John Bell Williams (December 4, 1918 – March 25, 1983) was an American Democratic politician who represented Mississippi in the U.S. House of Representatives from 1947 to 1968 and served as Governor of Mississippi from 1968 to 1972.

He was first elected to Congress in 1946, representing southwestern Mississippi. At just 27 years old, he was the youngest man to be elected U.S. Representative from Mississippi. He was re-elected repeatedly to Congress through the 1966 election in what was then a one-party Democratic state but was stripped of his congressional leadership positions after he supported Republican Barry Goldwater in the 1964 presidential election.

Williams was elected Governor in 1967, defeating numerous candidates. He had a history of supporting racial segregation but complied with a federal court order to finally desegregate Mississippi's public schools.

Early life and education
John Bell Williams was born in 1918 in Raymond, the county seat of Hinds County, near the state capital of Jackson.
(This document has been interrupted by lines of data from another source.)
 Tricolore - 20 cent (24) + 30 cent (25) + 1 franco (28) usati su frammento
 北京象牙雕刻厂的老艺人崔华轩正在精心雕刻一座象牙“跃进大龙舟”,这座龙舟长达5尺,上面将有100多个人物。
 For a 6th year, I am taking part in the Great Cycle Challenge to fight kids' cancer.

He graduated in 1938 from Hinds Community College, then known as Hinds Junior College. He attended the University of Mississippi at Oxford and graduated in 1940 from Mississippi College School of Law, then known simply as the Jackson Law School.
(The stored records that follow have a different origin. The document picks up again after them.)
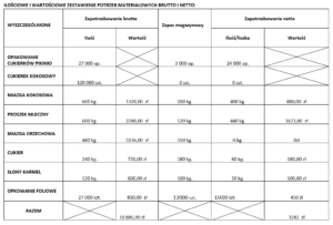 ZADANIE MRP – ILOŚCIOWO-WARTOŚCIOWE ZESTAWIENIE POTRZEB MATERIAŁOWYCH BRUTTO I NETTO
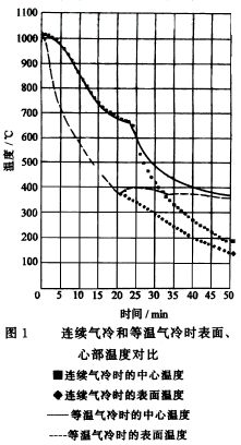 形狀復雜的較大工件從高溫連續進行快速冷卻時容易產生變形甚至裂紋。以往可用鹽浴等溫淬火解決。在單室真空高壓氣冷淬火爐中能否進行氣冷等溫淬火呢?圖1為在帶有對流加熱功能的單室高壓氣冷淬火爐中對兩組φ320mm×120mm兩塊疊裝的碳素結構鋼用不同冷卻方式淬火后的對化結果。圖中一組曲線是在102O℃加熱后,在6×105Pa壓力下連續用高純氮氣冷卻(風向是上、下相互交替,40s切換一次)的結果。另一組是對試樣表面、心部進行370℃時的控制冷卻。從兩組曲線的對比可以看出,心部溫度通過50O℃的時間(半冷時間)只差約2min。從表面進行控制冷卻開始到心部溫度到達370℃附近,需27min。由此可見,在單室真空高壓氣淬火爐進行等溫氣冷淬火是可行的。
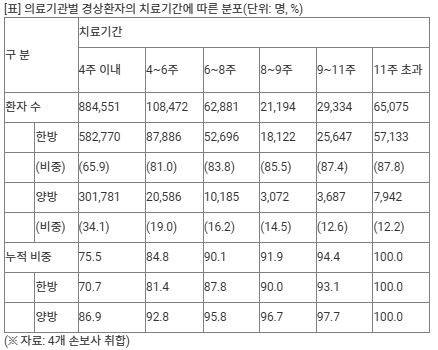 한방 경상환자의 평균 치료일수는 10.6일로 양방(5.4일) 대비 약 2배에 달했다.

In November 1941, he enlisted with the United States Army Air Corps and served as a pilot during World War II. He retired from active service after losing the lower part of his left arm as a result of a bomber crash in 1944.

Political career
In November 1946, Williams was elected at the age of 27 (he turned 28 in December) to the U.S. House of Representatives as a Democrat from southwestern Mississippi. He was the youngest U.S. Representative to have been elected from Mississippi.

Williams advocated states' rights and racial segregation. He joined his state's delegation in a walkout of the 1948 Democratic National Convention in Philadelphia, Pennsylvania. He supported Strom Thurmond’s Dixiecrat presidential campaign, whose primary platform was racial segregation. Thurmond easily carried the electoral vote in Mississippi and three other Deep South states.

After the Supreme Court issued its Brown v. Board of Education ruling on May 17, 1954, which outlawed racial segregation in public schools, Williams made a speech on the House floor branding the day 'Black Monday', and subsequently signed the 1956 Southern Manifesto. Williams supported the Democratic Stevenson-Sparkman campaign in 1952, but he favored unpledged Democratic electors in 1956 and 1960.

In 1964, Williams endorsed Republican Barry Goldwater in the general election against incumbent president Lyndon B. Johnson and helped raise funds for Goldwater in Mississippi. Because of his activities for Goldwater, the Democratic caucus (in the House of Representatives) stripped Williams and a colleague, Albert W. Watson of South Carolina, of their House seniority.

Williams remained a Democrat and retained his seat in 1966. Watson soon became a Republican.

Governor

In 1967, Williams ran for governor. The field of candidates was large, including former Governor Ross Barnett and two future governors, William Winter and Bill Waller. In the primary campaign, Williams claimed that, during the 1962 desegregation of the University of Mississippi, former Governor Ross Barnett made a secret deal with the Kennedys over the admission of James Meredith, while publicly claiming to do everything to maintain college segregation.

In the first round of balloting, Williams finished second to the moderate candidate, William Winter. In the runoff, Williams defeated Winter by 61,000 votes. In the general election, Williams handily defeated Democrat-turned-Republican Rubel Phillips, in his second unsuccessful campaign for governor. Phillips’ running mate for lieutenant governor in 1963, Stanford Morse, a member of the Mississippi State Senate from Gulfport from 1956 to 1964, endorsed Williams in the 1967 race.

During the campaign, Williams joked that when the returns were tabulated, the Republicans “won’t be able to find a Rubel in the rubble.”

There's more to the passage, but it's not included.